Dalle cadenze motivazionali dell'ordinanza impugnata traspare dunque una valutazione attenta e puntuale della fattispecie concreta, avendo la Corte territoriale preso in esame tutte le deduzioni difensive ed essendo pervenuta al provvedimento reiettivo attraverso una disamina completa ed approfondita delle risultanze processuali , in nessun modo censurabile sotto il profilo della correttezza logica.

Ma quand'anche la motivazione del provvedimento impugnato presentasse dei vizi, essi sfuggirebbero comunque al sindacato di questa Corte poiché l'art. 719 cpp ammette il ricorso per cassazione avverso i provvedimenti emessi dalla Corte d'appello in materia cautelare, nell'ambito della procedura estradizionale, esclusivamente per violazione di legge.

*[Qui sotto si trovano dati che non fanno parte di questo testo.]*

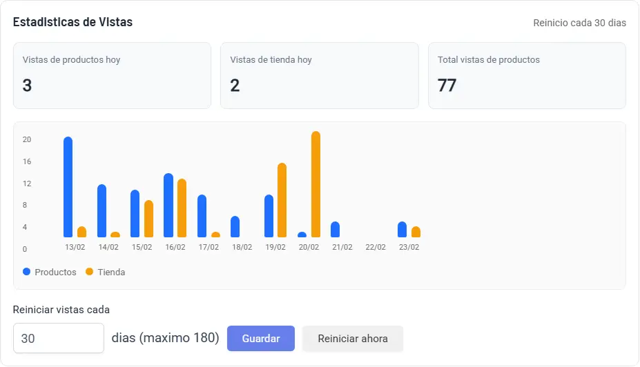 Visualiza vistas diarias, mensuales, vistas de tu tienda y estadísticas gráficas. Controla el reinicio de métricas cuando tú decidas.

6. L'infondatezza del ricorso ne determina il rigetto , con conseguente condanna al pagamento delle spese processuali. A norma dell'art. 94 co 1-ter disp att. C.p.p., copia del presente provvedimento va trasmessa , a cura della cancelleria, al direttore dell'istituto penitenziario in cui il ricorrente è ristretto perché provveda a quanto stabilito dall'art. 94 co 1 bis disp att. cpp.

P.Q.M.
Rigetta il ricorso e condanna il ricorrente al pagamento delle spese processuali. Manda alla cancelleria per gli adempimenti di cui all'art. 94-1/ter disp. att. c.p.p.